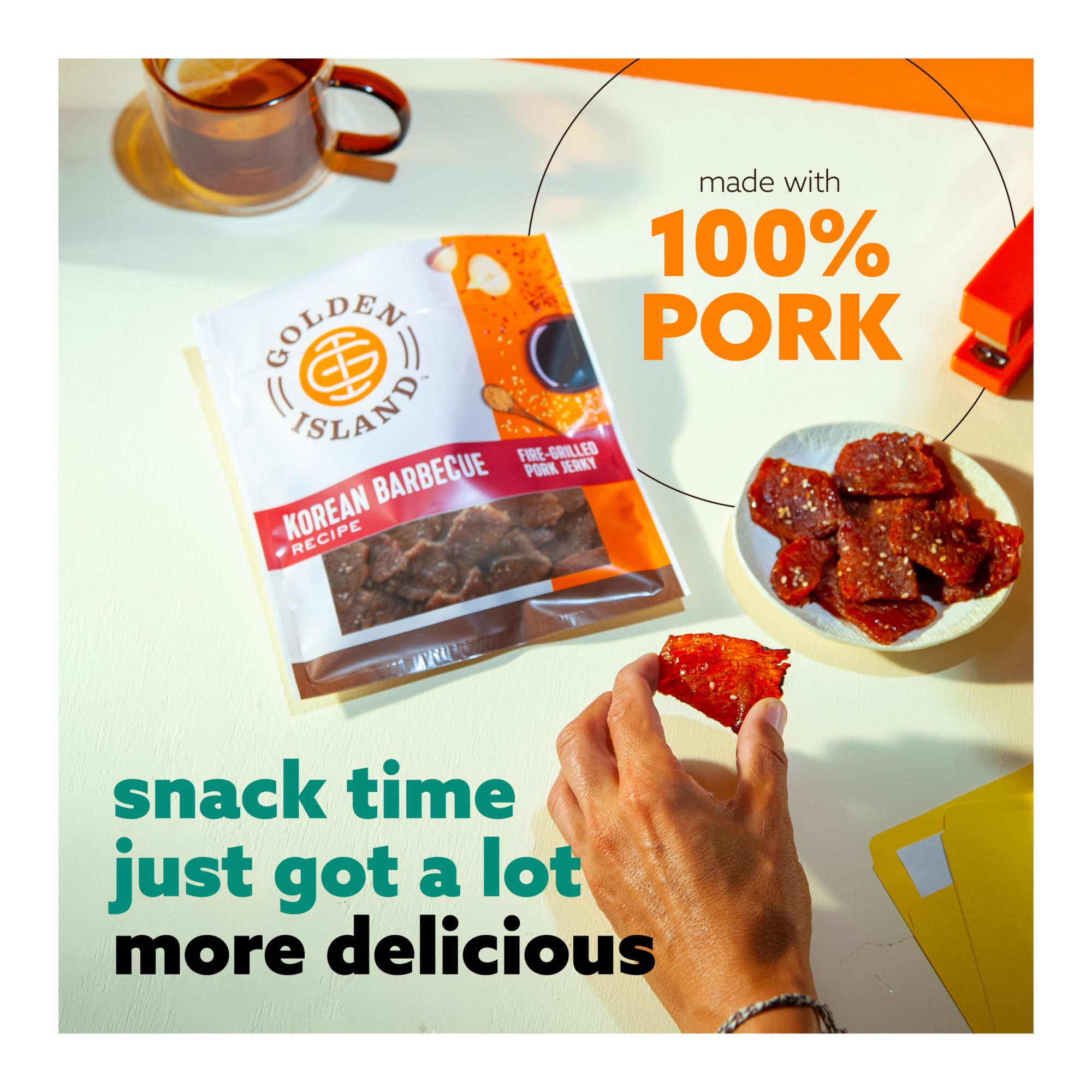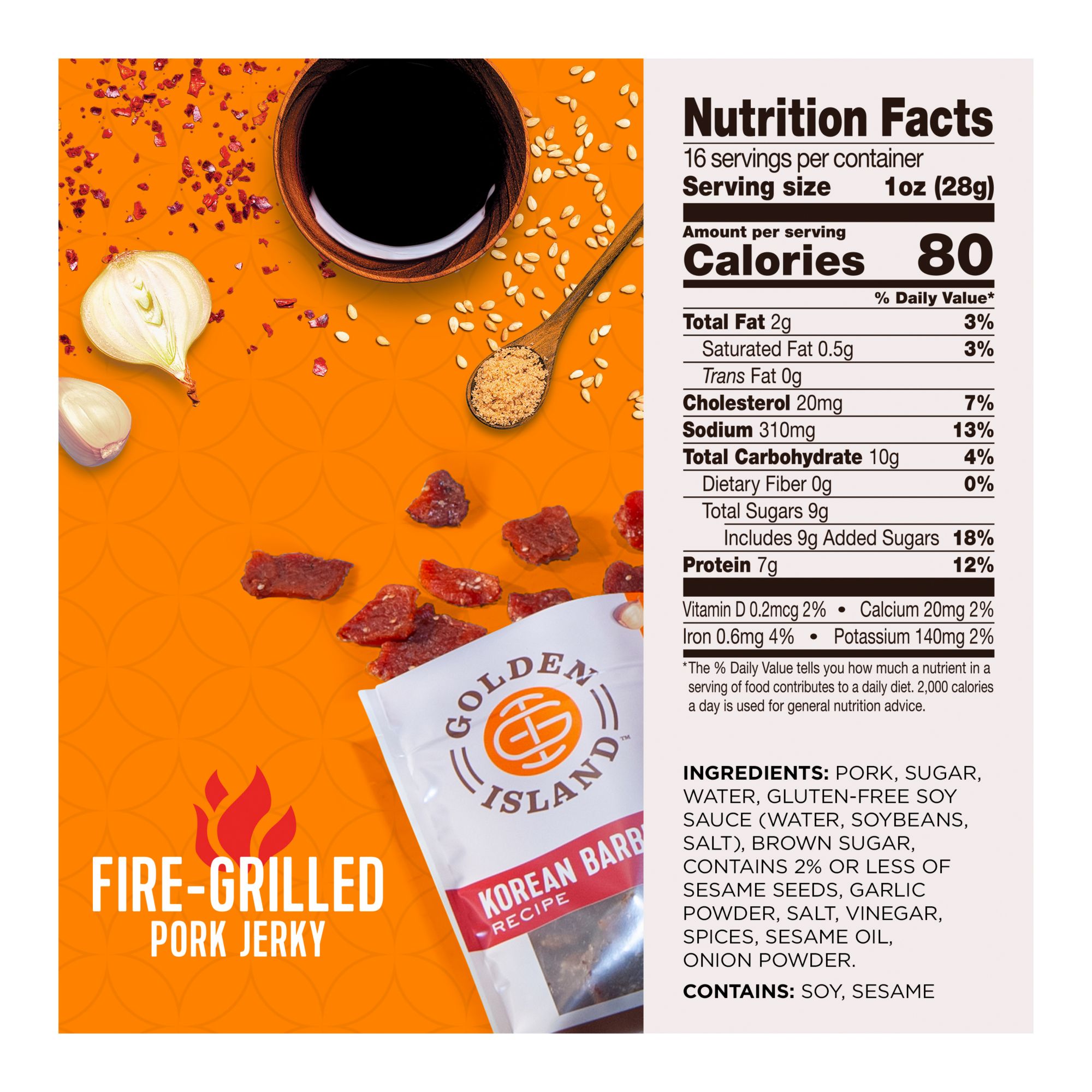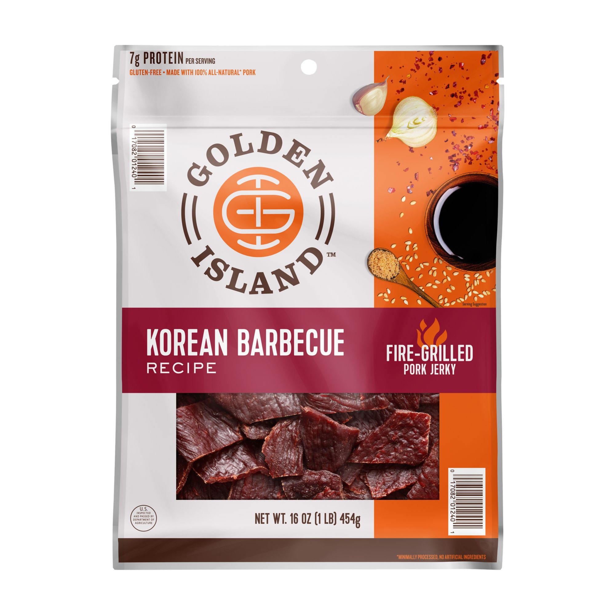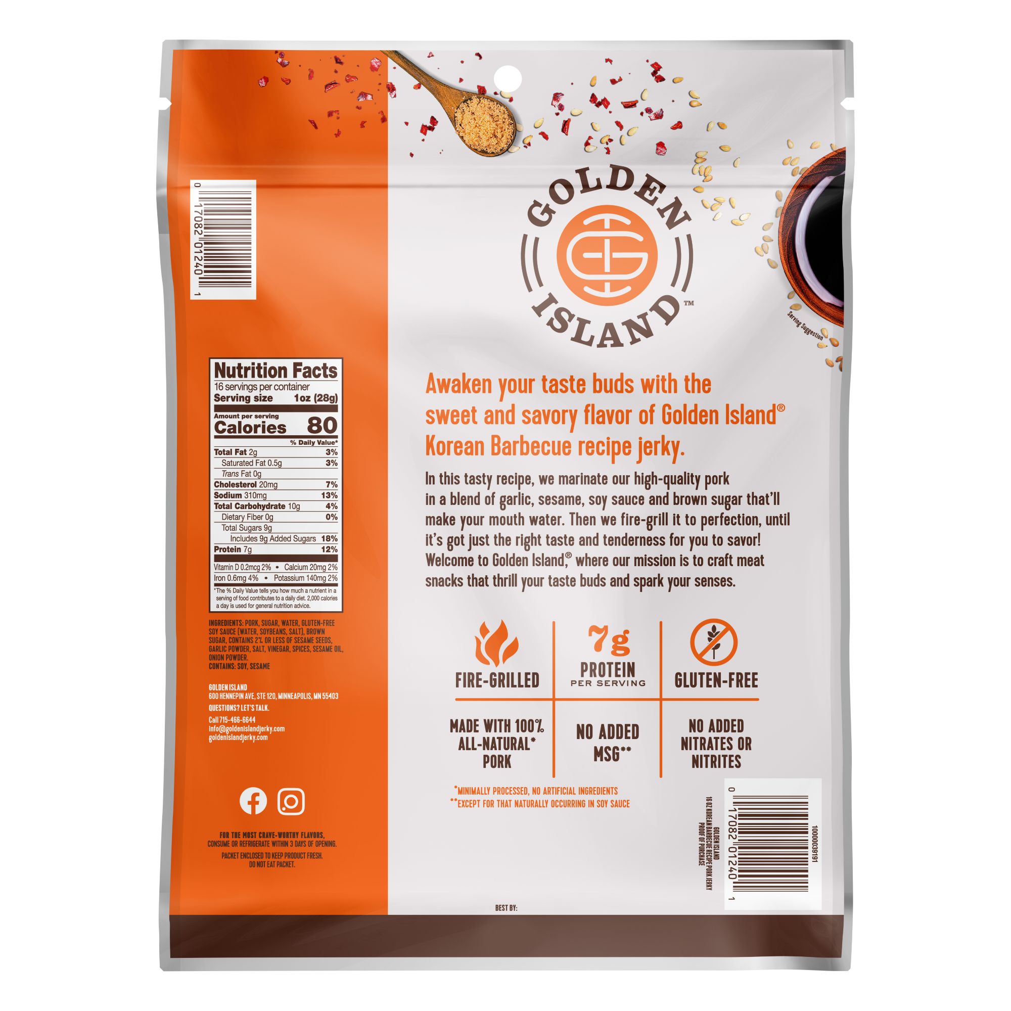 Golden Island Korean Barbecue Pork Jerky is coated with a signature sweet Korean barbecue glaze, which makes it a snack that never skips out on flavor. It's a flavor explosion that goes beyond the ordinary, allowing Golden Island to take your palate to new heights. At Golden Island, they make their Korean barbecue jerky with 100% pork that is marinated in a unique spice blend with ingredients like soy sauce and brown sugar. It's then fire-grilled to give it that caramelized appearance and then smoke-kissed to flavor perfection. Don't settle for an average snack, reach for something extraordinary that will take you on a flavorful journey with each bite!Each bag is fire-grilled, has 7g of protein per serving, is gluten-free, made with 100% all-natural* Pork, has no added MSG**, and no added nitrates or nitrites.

• • • •

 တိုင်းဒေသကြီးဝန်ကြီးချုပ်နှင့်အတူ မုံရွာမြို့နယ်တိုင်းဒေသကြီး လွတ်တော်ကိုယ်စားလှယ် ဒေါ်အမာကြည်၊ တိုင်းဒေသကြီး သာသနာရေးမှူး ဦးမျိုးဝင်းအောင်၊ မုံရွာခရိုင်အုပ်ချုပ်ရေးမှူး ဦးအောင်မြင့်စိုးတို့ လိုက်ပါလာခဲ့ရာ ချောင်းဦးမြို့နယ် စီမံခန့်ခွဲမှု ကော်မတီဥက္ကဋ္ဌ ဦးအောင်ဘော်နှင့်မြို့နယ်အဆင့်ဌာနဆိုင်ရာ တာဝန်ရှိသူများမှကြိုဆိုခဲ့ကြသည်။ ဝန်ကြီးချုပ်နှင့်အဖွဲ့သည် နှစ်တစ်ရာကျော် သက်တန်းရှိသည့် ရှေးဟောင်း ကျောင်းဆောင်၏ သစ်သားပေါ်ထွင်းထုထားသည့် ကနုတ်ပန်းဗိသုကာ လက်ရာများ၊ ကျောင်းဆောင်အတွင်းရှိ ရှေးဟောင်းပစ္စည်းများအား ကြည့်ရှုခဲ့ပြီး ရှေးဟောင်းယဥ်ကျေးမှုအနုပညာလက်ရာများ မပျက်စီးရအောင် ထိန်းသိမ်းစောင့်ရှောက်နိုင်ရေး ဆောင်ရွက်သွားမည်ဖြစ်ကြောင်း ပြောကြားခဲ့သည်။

• • • •

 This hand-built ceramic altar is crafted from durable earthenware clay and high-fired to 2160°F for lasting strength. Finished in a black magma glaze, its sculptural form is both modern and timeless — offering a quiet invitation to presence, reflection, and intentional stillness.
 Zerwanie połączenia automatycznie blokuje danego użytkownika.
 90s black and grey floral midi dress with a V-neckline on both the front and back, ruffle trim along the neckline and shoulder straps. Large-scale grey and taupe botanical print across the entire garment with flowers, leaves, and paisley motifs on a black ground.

• • • •

[PROBLEM]: Return, from the data above, each line in which the string "black" appears.

[OUTPUT]:
 This hand-built ceramic altar is crafted from durable earthenware clay and high-fired to 2160°F for lasting strength. Finished in a black magma glaze, its sculptural form is both modern and timeless — offering a quiet invitation to presence, reflection, and intentional stillness.
 90s black and grey floral midi dress with a V-neckline on both the front and back, ruffle trim along the neckline and shoulder straps. Large-scale grey and taupe botanical print across the entire garment with flowers, leaves, and paisley motifs on a black ground.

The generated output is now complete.